Nach Beendigung des Genozids ist die ruandische Gesellschaft praktisch aufgelöst. Tausende sind umgebracht, Tausende sind geflohen, Tausende in Gefängnissen, Tausende unter Verdacht und Tausende kommen nach langer Zeit im Ausland zurück und treffen auf eine zerstörte, zu großen Teilen traumatisierte Gesellschaft. Viele, die überlebt haben, egal ob Opfer oder Täter, stehen vor einer zerstörten Vergangenheit. Familientraditionen sind ausgelöscht oder zerissen. Sie sind verstört, wissen nicht, welche Werte noch gültig sind.

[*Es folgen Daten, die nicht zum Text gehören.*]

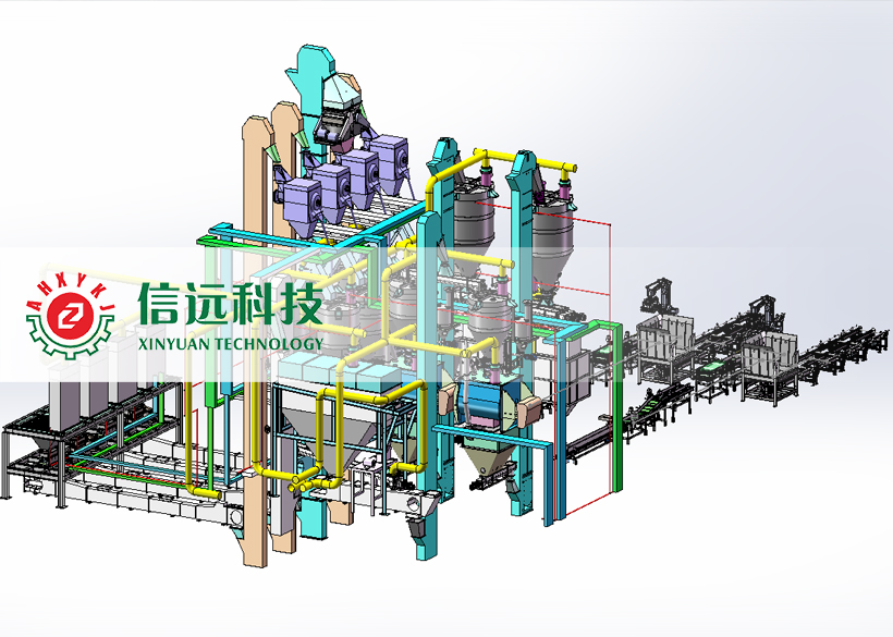 1、集投料、粉碎、配料、混合、計(jì)量、包裝、碼垛、除塵于一體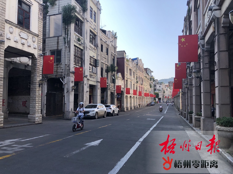 9月21日,萬秀區騎樓城一帶已經懸掛好五星紅旗。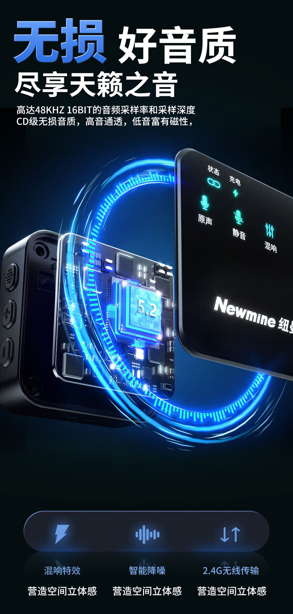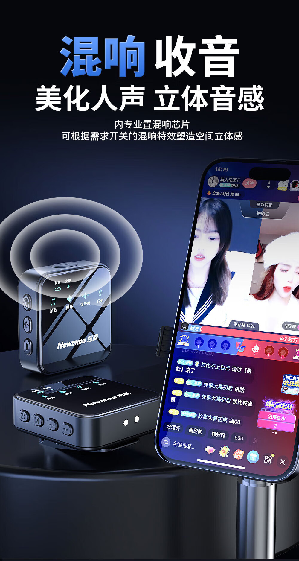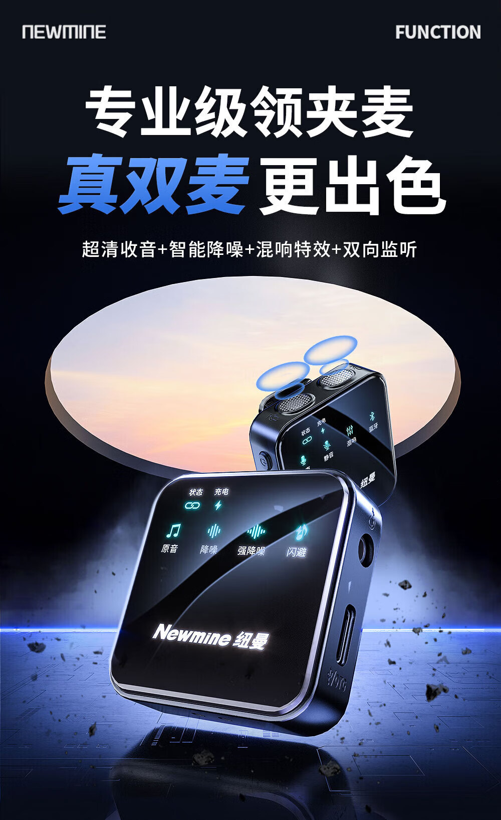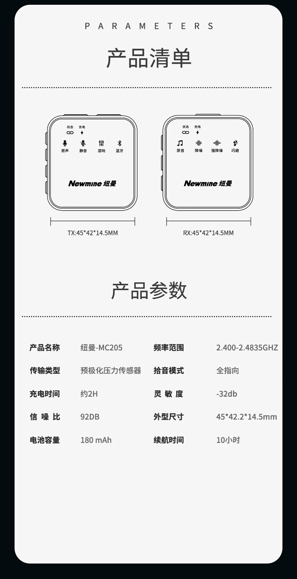 • 商品名称:纽曼(Newmine) MC206 无线领夹麦克风主播直播录音设备 一拖二 MC206/套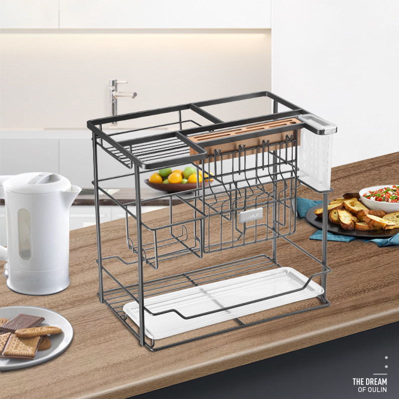 欧琳厨房橱柜拉篮 黑色不锈钢抽屉式碗架碗篮双层碗碟调味篮阻尼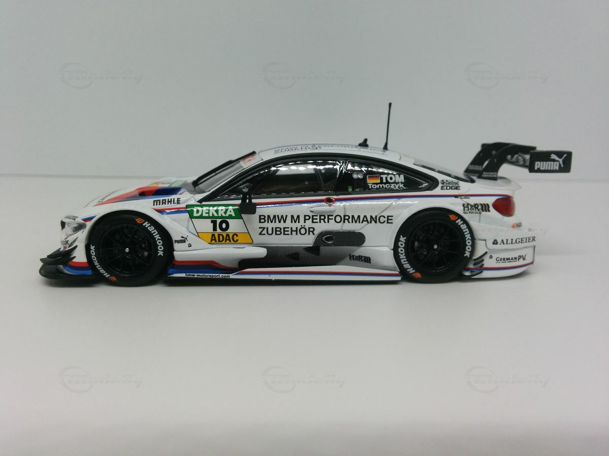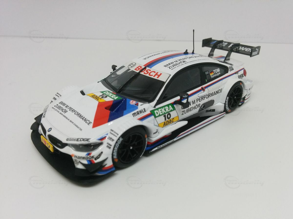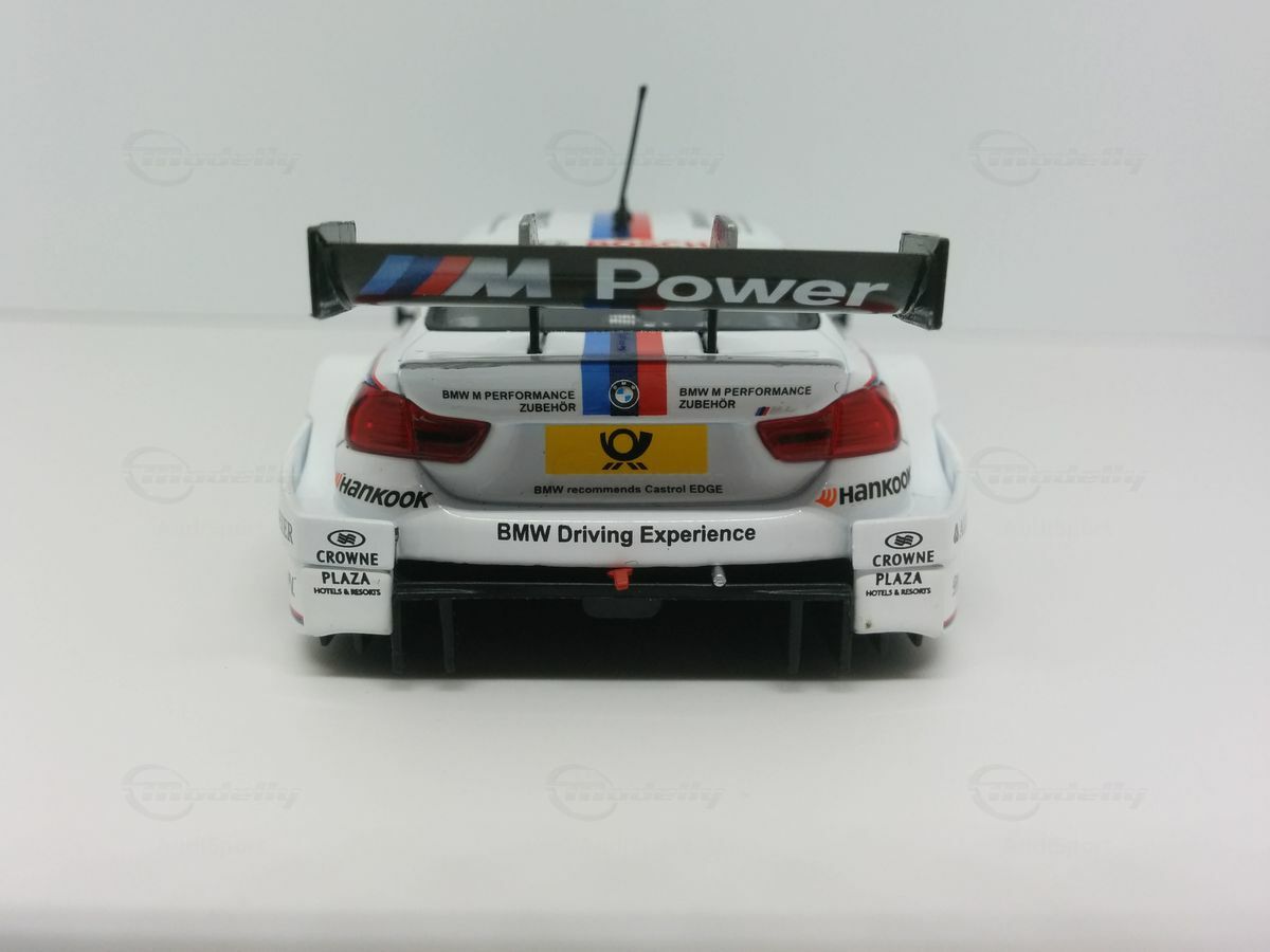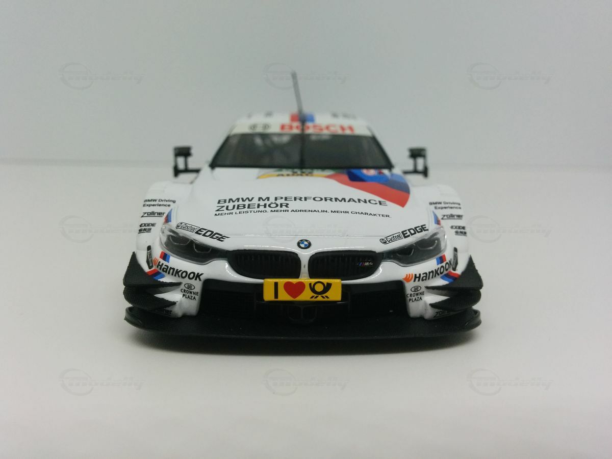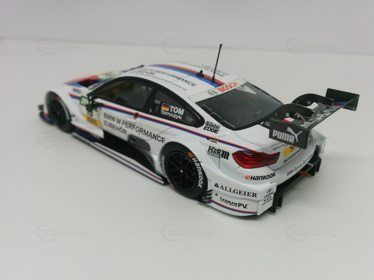 The Minichamps model cars in a scale of 1/43 are highly popular among collectors for their meticulous attention to detail and high-quality craftsmanship. This specific model by Modelly member "AudiSport" represents the BMW M4 DTM in its racing livery. Made of resin, the model showcases precise and fine details reflecting the original car. The livery features the typical BMW Motorsport colors: white as the base color with blue and red accents. Sponsor decals from Deutsche Post, Hankook, and Shell can be seen on the hood and sides. These details give the model an authentic look that perfectly represents the original race car.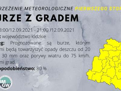 SMS IMGW-PIB OSTRZEGA: WIATR/1 łódzkie/radomszczański od 12:00/22.10 do 20:00/22.10.2021 prędkość do 40 km/h, porywy do 80 km/h, SW.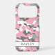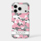Customize this pink, gray and white camouflage iPhone 17 pro case with your name in a trendy modern CAP font in gray on white. It's so modern, girly and trendy! Perfect for any country girl!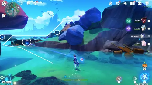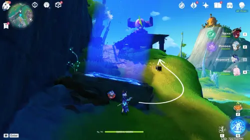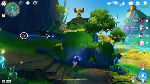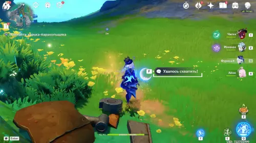 Обезоруженные зверьки пытаются сбежать — спускайтесь на полянку по центру долины и, нагнав передвигающегося под землей хорька, нажимайте «Удалось схватить!». После успешной попытки бегите за ним к месту, где уже ожидают Паймон и Ауни.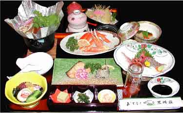 ![]() かにフルコース(写真の盛りは4人前) |

Diejenigen, die nach langer Zeit im Exil zurückkehren, vielfach dort geboren, kommen mit Bildern, Erzählungen, Überlieferungen und Wunschträumen nach Ruanda zurück, um endlich wieder zu Hause zu sein, nicht mehr Fremde unter Fremden. Doch sie fühlen sich fremd - wo ist das Gemeinsame, das Verbindende?